Sometimes, Tortorige says, the dynamic of a group can take on a life of its own.

"You can have it all planned out to a T, but if the group doesn't jive with it, then, well, you have to throw it all out and recalibrate," he says. "But it always seems to work out for the best."

Once, he said, during the tail end of a 2010 spring break backpacking trip to Big Bend and Carlsbad Caverns, he let the group's participants decide their next destination. They picked Roswell, N.M., site of the infamous 1947 "Roswell UFO incident."  

Mickey Luckovich, a junior managerial science major who went on the trip, remembers it this way: 

"We were all feeling like we had just conquered the world and had the freedom to ramble around the country as we saw fit," he says. "So, somebody said, 'Let's go to Roswell!' and with very little deliberation, we drove hundreds of miles out of our way to see what all the fuss in Roswell was about. We spent the rest of the trip constructing the most elaborate masks and tin outfits possible."

Luckovich says that when they arrived, they roamed around in search of something "alien-related" all the while "freaking out people who saw us dressed like invaders."

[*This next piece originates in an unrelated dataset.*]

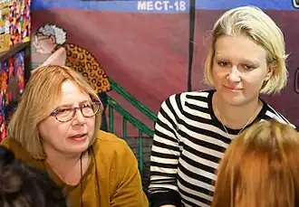 Ольга Дробот и Мария Парр на 21-й Международной ярмарке интеллектуальной литературы Non/fiction в Гостином дворе.
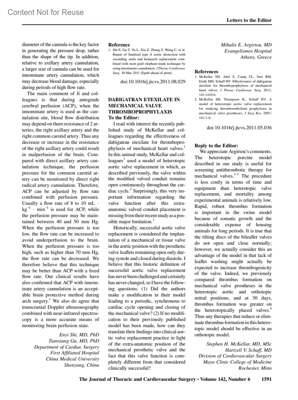 Journal of Thoracic & Cardiovascular Surgery 142(6):p 1591-1592, December 2011.

When the group found the UFO Museum and Research Center, they decided to really wreak some havoc.

"We stopped traffic, invaded shops, made a scene and got a huge reaction from everybody who saw us."

For Luckovich, the experience was one he'll never forget.

"During that ride to Roswell, I told everybody in the van that someday I would work for Touch the Earth because I had never experienced anything close to that sense of freedom and accomplishment before in my life," he says.  

Luckovich was true to his word. Soon after, he signed up to be trained as a volunteer raft guide and got certified as a driver for the organization. Later, Tortorige hired him as a student employee. Now, he works in the bike shop and at the climbing wall, and has led a handful of trips.

"I regard Touch the Earth as one of the most positive influences in my life," Luckovich says. "I have been able to explore America, escape from the city and meet people who will be very dear to me for the rest of my life. Touch the Earth has made my experience in college stellar and remarkable."

"And it taught me to climb," he says. "For that, I love it."

 


The Outfitter

Touch the Earth isn't just about the trips. They also operate a climbing wall and bouldering cave at the Recreation Center, as well as a rental center where students, faculty and staff can check out gear at minimal cost for their own excursions.

The rental center - also the central office for Touch the Earth - is stocked with tents, packs, sleeping bags, stoves, canoes - just about anything one would need for a trip to the outdoors.

The bouldering cave, a 583 square foot grotto complete with a crash pad, opened in April for bouldering - a style of rope-free rock climbing normally limited to shorter climbs.

The 36-foot climbing wall offers up challenges for traditional and lead climbers of all skill sets, and Tortorige leads certification and climbing clinics. He also leads a kayak roll clinic in the Rec Center pool.

Touch the Earth also just recently opened a bike shop, and a mechanic is on duty to handle basic services.

The organization also operates a challenge program at GSU's Indian Creek Recreation Area, which features a lodge and a ropes course. The program offers up team building sessions, innovative problem-solving techniques and tips for effective communication and trust-building within a group.